● EXERCISE DESCRIPTION
Starting with the line that contains "着丈は足首が見える長さで、低身長さんに嬉しスッキリとしたデザインです。" and stopping after the line that contains "场景2:有政策推动,主要指 V2X 的部署与安装。预计到", copy the entries below exactly. Include nothing else.

● MATERIAL TO PROCESS
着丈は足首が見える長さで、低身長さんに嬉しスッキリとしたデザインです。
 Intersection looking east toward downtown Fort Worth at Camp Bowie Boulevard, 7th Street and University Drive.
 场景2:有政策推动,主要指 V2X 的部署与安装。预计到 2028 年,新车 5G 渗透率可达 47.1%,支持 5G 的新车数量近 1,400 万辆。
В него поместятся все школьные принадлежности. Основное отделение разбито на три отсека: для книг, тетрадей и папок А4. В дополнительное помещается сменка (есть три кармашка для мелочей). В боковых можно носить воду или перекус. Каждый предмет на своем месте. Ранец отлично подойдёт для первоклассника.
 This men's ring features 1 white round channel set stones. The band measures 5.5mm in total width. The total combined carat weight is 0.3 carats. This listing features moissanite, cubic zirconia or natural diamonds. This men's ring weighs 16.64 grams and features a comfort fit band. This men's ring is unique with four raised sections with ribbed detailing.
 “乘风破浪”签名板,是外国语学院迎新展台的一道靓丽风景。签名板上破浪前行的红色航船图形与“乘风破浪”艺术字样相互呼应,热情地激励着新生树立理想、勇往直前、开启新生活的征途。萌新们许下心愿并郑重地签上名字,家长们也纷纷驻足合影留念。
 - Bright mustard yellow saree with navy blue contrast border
==
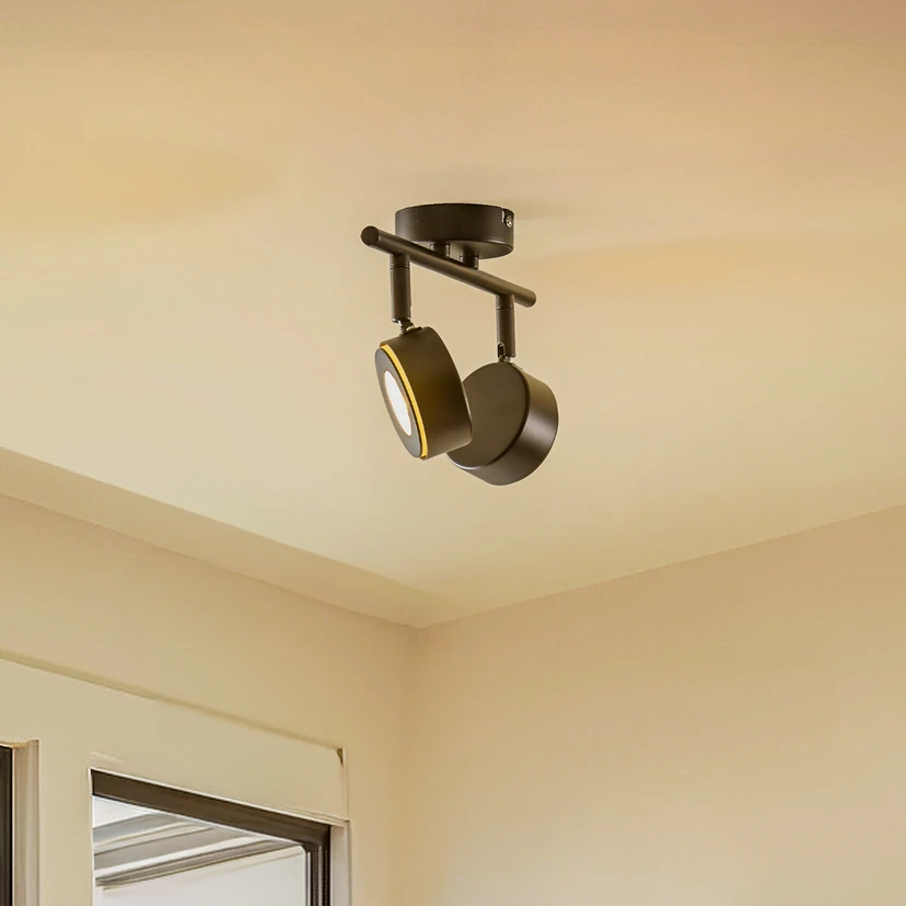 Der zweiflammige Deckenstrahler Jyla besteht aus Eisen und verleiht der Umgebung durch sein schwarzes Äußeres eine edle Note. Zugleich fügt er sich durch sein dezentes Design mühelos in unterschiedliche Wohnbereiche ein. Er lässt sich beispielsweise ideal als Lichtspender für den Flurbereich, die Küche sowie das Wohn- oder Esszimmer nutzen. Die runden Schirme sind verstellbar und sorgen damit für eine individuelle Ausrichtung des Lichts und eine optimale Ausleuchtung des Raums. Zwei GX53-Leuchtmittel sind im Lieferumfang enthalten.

● RESPONSE FOR THIS EXERCISE
着丈は足首が見える長さで、低身長さんに嬉しスッキリとしたデザインです。
 Intersection looking east toward downtown Fort Worth at Camp Bowie Boulevard, 7th Street and University Drive.
 场景2:有政策推动,主要指 V2X 的部署与安装。预计到 2028 年,新车 5G 渗透率可达 47.1%,支持 5G 的新车数量近 1,400 万辆。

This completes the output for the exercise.